Linosa ist die vegetationsreichste unter den Pelagischen Inseln. Ihr vulkanischer Ursprung lässt endemische, also nur auf Linosa vorkommende Pflanzenarten wachsen. Ausserdem ist für Linosa die Mastixpflanze typisch, eine wilde Kapernpflanzenart, aus der nicht die Früchte, sondern das Harz gewonnen wird, sowie die Gattung der Opuntien, die mit über 180 Arten die reichste unter den Kakteengewächsen ist. Ausserdem bauen die Bewohner Wein, Linsen und Kapern an.
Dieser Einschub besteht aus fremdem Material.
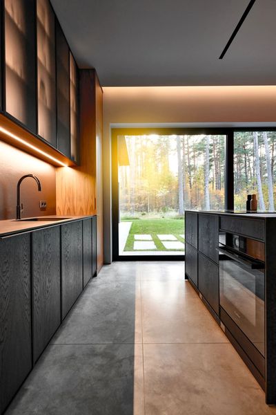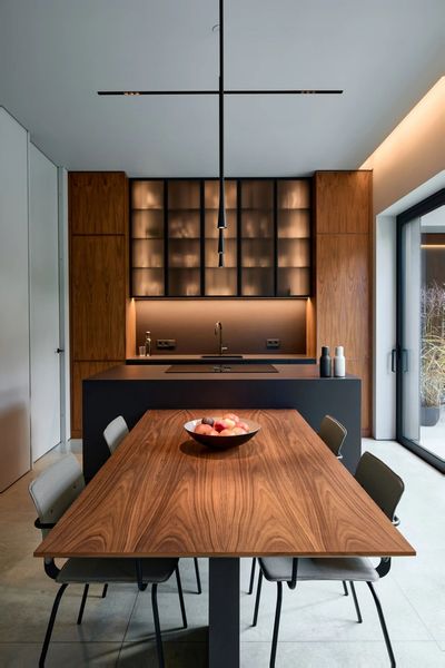 匠心独运的工艺塑造了房屋的独特气质。定制木作方案包含实心木板的集成把手、近乎隐形的通风孔,以及对黑漆白蜡木的精妙运用,巧妙融合几何造型与材质质感。精选的胡桃木凭借其独特的纹理与浓郁色泽,为地板与家具注入温暖气息,成为自然的装饰元素。
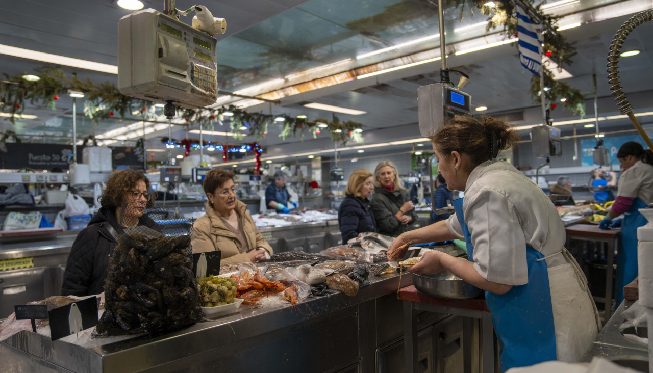 Óscar, de Pescadería Nortemar, y Víctor, de Pescadería Víctor, comparten la opinión de su compañera de mercado. “Algunos te dejan 300 euros, otros 500, depende de la gente que sea. Pero la media es esa”. El balance, por lo tanto, es positivo: “No hay queja”, sostiene Víctor. Para mañana, lunes, las ventas no han estado tan animadas, y es que, tal y como dicen los placeros, “la gente el 6 de enero come fuera”.
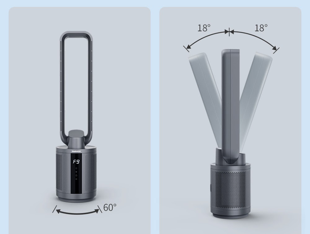 Mặc dù là một chiếc quạt với kết cấu không cánh tuy nhiên DAEWOO F9 MAX 2021 vẫn đảm bảo được khả năng cung cấp không khí ở diện tích bao phủ rộng. Cụ thể quạt có khả năng xoay trái phải 60 °, lên xuống 18 ° làm mát ở mọi diện tích ngay cả ở các góc không được thổi trực tiếp. Đặc biệt khi quạt kết hợp với máy điều hòa sẽ cho khả năng làm mát toàn bộ không gian, lưu thông không khí mát mẻ đều hơn, giữ nhiệt độ căn phòng ở mức vừa phải.

Mit weniger als 500 Menschen, die ständig hier leben, ist die Insel ein wahrlich naturbelassener und idyllischer Ort um zu entspannen und die tropische Natur zu geniessen. Diverse Grotten und Höhlen machen Tauchgänge zu abenteuerlichen Expeditionen, nicht zuletzt sind auch die Einheimischen stolz darauf, dass das Wasser an ihren Küsten als das reinste und klarste im gesamten Mittelmeerraum gilt. Die touristische Infrastruktur hält sich stark in Grenzen, doch mit ein paar Shops, einer Apotheke und einigen Restaurants lässt es sich hier absolut entspannt eine kürzere oder längere Zeit verbringen. In den Sommermonaten erscheint die nur knapp 5 km² grosse Insel etwas überlaufen, der einzige, von feinem dunklen Sand geprägte Strand in der Bucht Cala di Pozzolana di Ponente erscheint dann eher geschäftig als idyllisch. Aus diesem Grund sind eher die Frühjahr- und Herbstmonate für einen entspannenden Besuch zu empfehlen, schliesslich herrschen auf dem Eiland in dieser Zeit noch immer angenehme sommerliche Temperaturen.